Antimicrobials: These are substances having natural, semi-synthetic or synthetic origin and are effective against a wide range of micro-organisms (like bacteria, protozoa etc.). Antibacterials, antivirals and antiprotozoals are examples of antimicrobial drugs.

Antibacterials: Their origin may be natural, semi-synthetic or synthetic but their activity is only against bacteria.

Antibiotics: Their origin is always natural (derived from bacteria or fungi) or semi-synthetic but their activity may be against a wide range of micro-organisms (like bacteria, protozoa etc.).

Bacteriostatic: It is that antibacterial agent which inhibits the growth of susceptible bacteria e.g. Tetracyclines, Amphenicols, Macrolides and Lincosamides.

Bactericidal: It is that antibacterial agent which causes destruction/lysis of susceptible bacteria e.g. Penicillins, Cephalosporins, Aminogycosides, Quinolones, Vancomycin and Bacitracin.

Antimicrobial spectrum: It is the range of micro-organisms covered by a particular chemotherapeutic agent. It is of three types.

(a) Narrow spectrum: It is used for those antibacterial agents that are effective only against gram positive or gram negative bacteria. For example Erythromycin is effective against gram positive while Streptomycin covers only gram negative bacteria.

(b) Broad spectrum: Broad spectrum indicates the activity of concerned antibacterial against a wide range of bacteria, covering gram positive as well as gram negative, e.g. Oxytetracycline and Chloramphenicol.

(c) Extended spectrum: It is subdivided into two types. Extended gram positive spectrum indicates that respective agent is originally active against gram positive bacteria but it also covers sufficient number of gram negative bacteria (but not all) e.g. Amoxycillin. Extended gram negative spectrum shows that concerned drug is basically effective against gram negative but it also covers sufficient number of gram positive bacteria e.g. Nalidixic acid.

Potency: It may be defined as the antimicrobial activity contained in milligram of a chemotherapeutic agent. It is usually expressed on the basis of minimum inhibitory concentration (MIC), minimum bactericidal concentration (MBC) and minimum antibiotic concentration (MAC).

(a) Minimum inhibitory concentration (MIC): It is the lowest concentration of an antimicrobial drug that prevents visible growth of bacteria when grown against sequentially varying drug concentrations in vitro.

(b) Minimum bactericidal concentration (MBC): It is the lowest concentration of an antimicrobial drug that kills/destroys the bacterial cells.

(c) Minimum antibiotic concentration (MAC): It is the concentration of an antimicrobial drug that reduces the growth of an organism (pathogen) in vitro by a factor of 10 (one log).

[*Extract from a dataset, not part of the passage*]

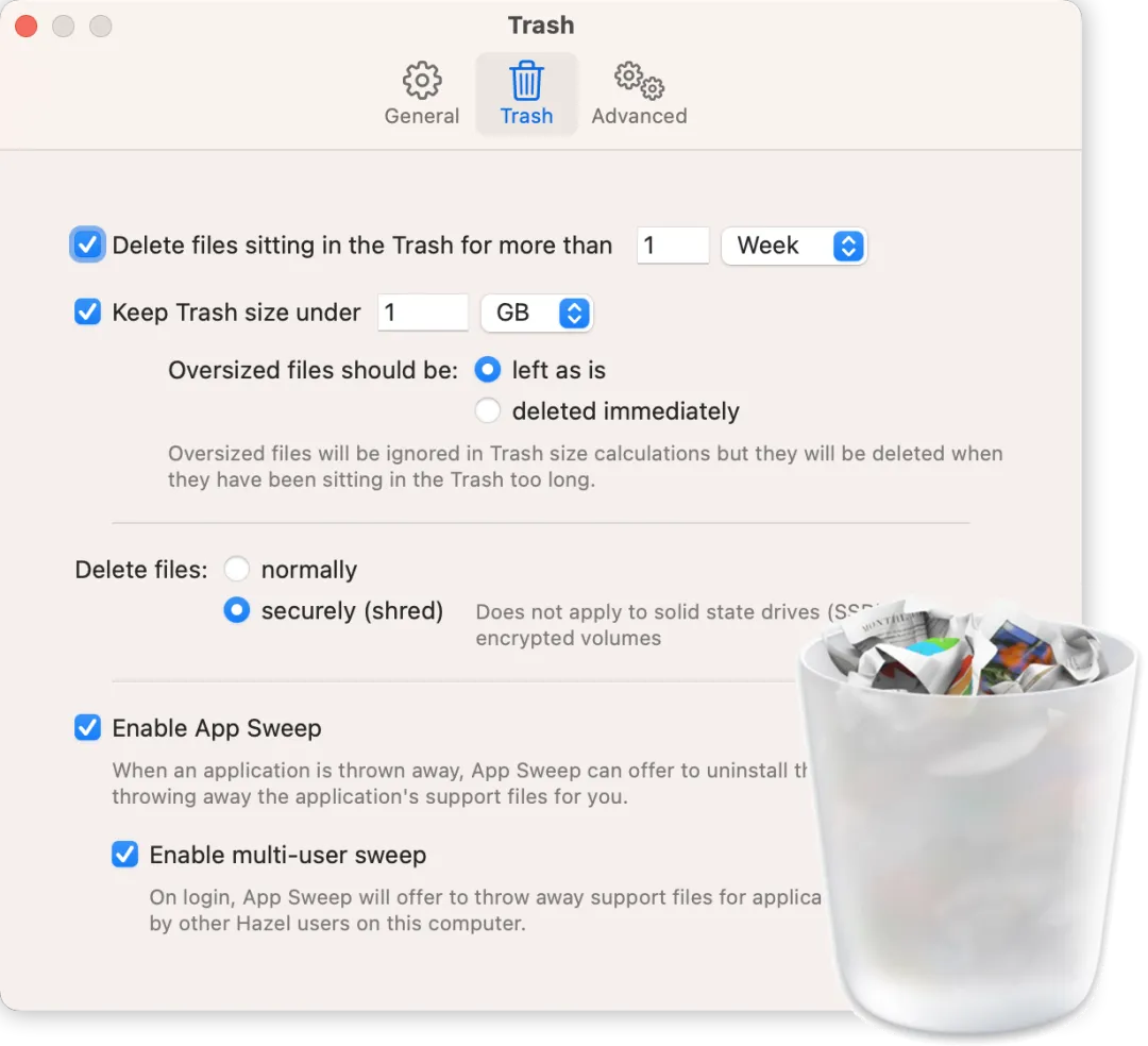 Hazel 可以根据时间或条件自动清理这些内容,减少无用文件占用空间。

Post antibiotic effect: It is the persistence of antimicrobial action for longer periods (few hours) after brief exposure to or in absence of detectable concentration of an antimicrobial drug. It can affect the dosing interval for some antimicrobials (Aminoglycosides are given at 12-24 hours intervals, although their half lives are much shorter).

 

Generalized structure of a bacterial cell

 

Bacteria are prokaryotic, unicellular micro-organisms belonging to class Schizomycetes. They exist in three main morphological forms, i.e., cocci (spherical), bacilli (rod-shaped) and spirilla (filamentous). On the basis of staining properties they can be divided into gram positive, gram negative and acid-fast bacteria. A typical bacterial cell consists of lipopolysaccharide capsule (glycocalyx), cell wall, cell membrane, cytoplasm (containing genetic material and ribosomes) and appendages like flagella or pili. Certain bacterial species are capable to produce spores or endospore for acquiring a dormant state. Capsule is meant for protecting bacteria from dessication and phagocytosis and in-vivo it aids in the adherence of pathogenic bacteria to host surfaces. Cell wall is a tough and rigid framework that protects bacteria from mechanical damage and osmotic lysis.  The prokaryotic ribosomes (e.g., bacterial ribosomes) have a sedimentation value of 70S (where “S” stands for Swedberg unit) with subunits 50S (larger subunit) and 30S (smaller subunit) while eukaryotic ribosomes (e.g., mammalian ribosomes) have a sedimentation value of 80S with subunits 60S (larger subunit) and 40S (smaller subunit).

 

Structure of gram positive bacterial cell wall: The major portion of gram positive bacterial cell wall consists of peptidoglycan or murein that supports the lipoprotein membrane. Peptidoglycan is composed of linear strands of two alternatively amino-sugars (i.e., N-acetylglucosamine and N-acetyl muramic acid) linked with each other by means of β (1-4) glycosidic linkage. Another important component is polymer of glycerol phosphate or ribitol phosphate known as teichoic acid, a major cell wall surface antigen of gram positive bacteria. The gram positive bacterial cell wall contains very little lipids.

 

Structure of gram negative bacterial cell wall: The cell wall of gram negative bacteria is much more complex than that of gram positive bacteria. The teichoic acid found in gram positive bacterial cell wall is absent. The outer membrane is an asymmetrical lipid bilayer containing proteins. Its inner surface resembles that of cytoplasmic membrane while its outer surface is composed of lipo-polysaccharides. The polysaccharide side chains contribute to the complex antigenic specificity of gram negative bacterial cells and are usually called O-polysaccharides because they correspond to the somatic (O) antigens used for serotyping of gram negative bacteria. The other component of lipo-polysaccharide, the lipid A, is responsible for the endotoxic activity of gram negative bacteria.  The outer membrane also contains specialized protein channels called porins through which small molecular weight substances such as sugars and amino acids enter the bacterial cell. The periplasmic space of gram negative bacterial cell wall consists of some lipoprotein molecules, some enzymes and few peptidoglycan chains (1-2).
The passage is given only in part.